Be careful, hackers use QR codes to steal money from your bank account
Experienced hackers use phishing emails and QR codes to trick internet users. Using calibrated fake emails, hackers seek to grab their targets’ banking details without their knowledge.
According to computer security researchers Cofense, a new phishing campaign is targeting Internet users based in Germany. The hackers behind the attack are seeking to steal the banking details of customers of two popular German banks.
The attack starts with an email to the victims. The pretext of the email is in particular “requesting approval for changes implemented by the bank” or new security measures to calm the vigilance of Internet users. These emails are carefully worded. There are no spelling or grammatical errors.
Hackers trick users with QR codes
All of the emails contained a link or QR code that led to a phishing site. After investigating, the researchers discovered that some of the phishing emails were hiding a QR code instead of a traditional link. “The attackers included QR codes that, when scanned, lead the user to one of these new malicious domains with the aim of luring mobile banking users,” the Cofense report explains.
Hackers are primarily targeting people who have their bank’s mobile apps. Cybercriminals are attacking an increasing number of smartphone users, who are less likely to be protected by an antivirus than a user who consults their emails on a computer.
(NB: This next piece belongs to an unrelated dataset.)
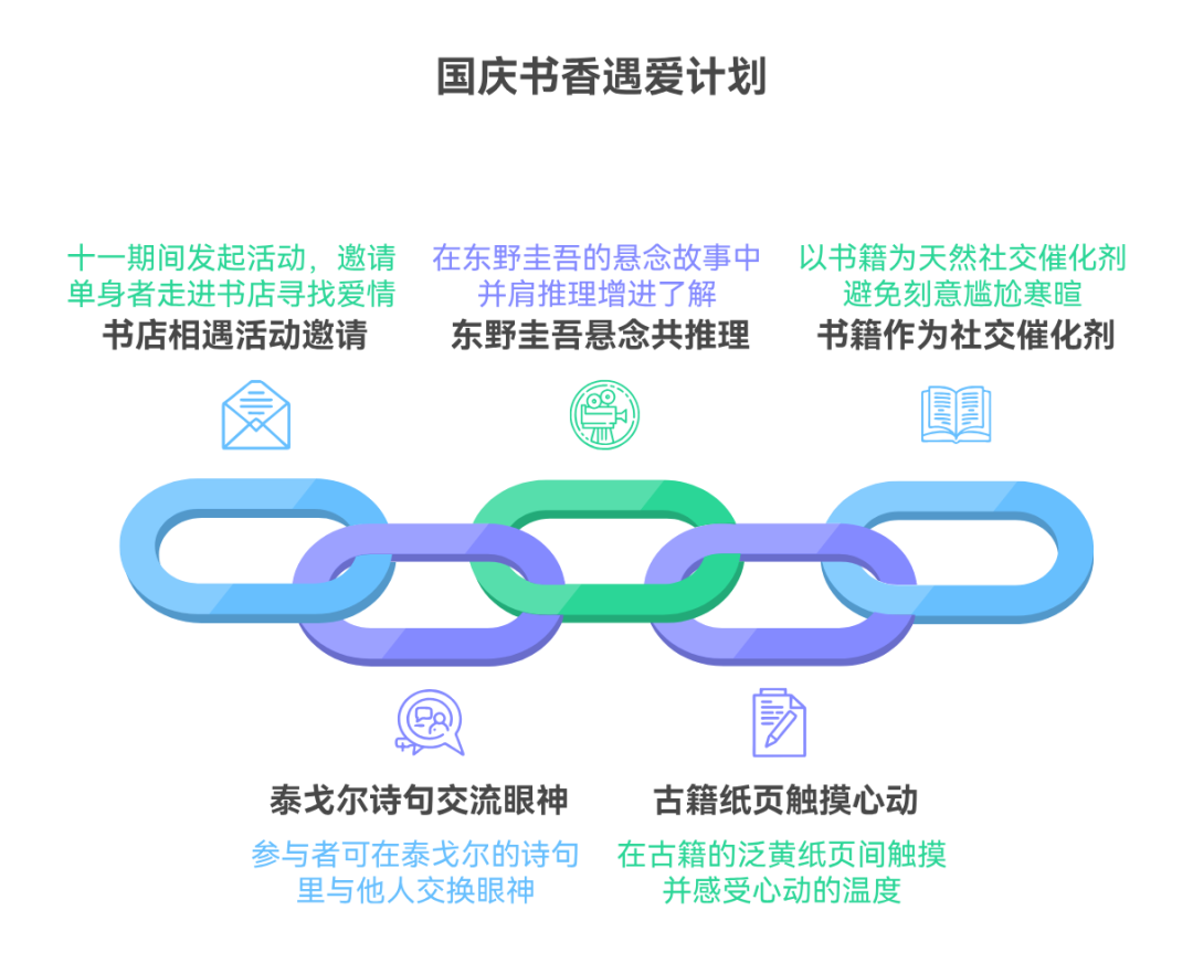 有人说,爱情就像在书店找书—— 你不知道会在哪一排书架前停下,也不知道哪本书会突然击中你。但只要你愿意走进这个充满可能性的空间,愿意放下手机屏幕的虚拟社交,愿意相信「纸质书的温度能传递心动」,就有可能在这个十一,遇见那个和你一样,愿意在文字里慢慢变老的人。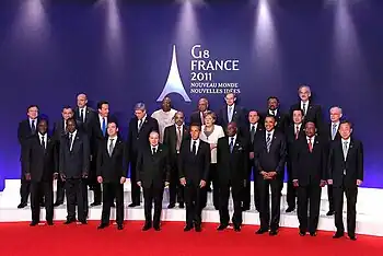 Au G20, l'UE a le statut de membre au côté de l'Allemagne, de la France, de l'Italie et du Royaume-Uni pour les pays européens[63]. Elle y représente les 23 autres pays qui sont parfois invités indépendamment dans le cadre des négociations internationales portant essentiellement sur l’économie et la finance.

QR codes offer several advantages to hackers. First of all, the lack of a URL does not allow users to detect the anomaly when receiving the email. Additionally, researchers have noted that many cybersecurity software does not work with QR codes. A study by MobileIron, an American company specializing in developing authentication software, suggests that QR codes have become a risk for smartphones as their use has become widespread since the Covid crisis.
Unsurprisingly, the hackers took the interface design of the targeted banks’ official websites literally. These fake websites would ask for users’ banking details (passwords, usernames, account number, etc.). This is where the hackers got what they wanted: access to their targets’ bank accounts.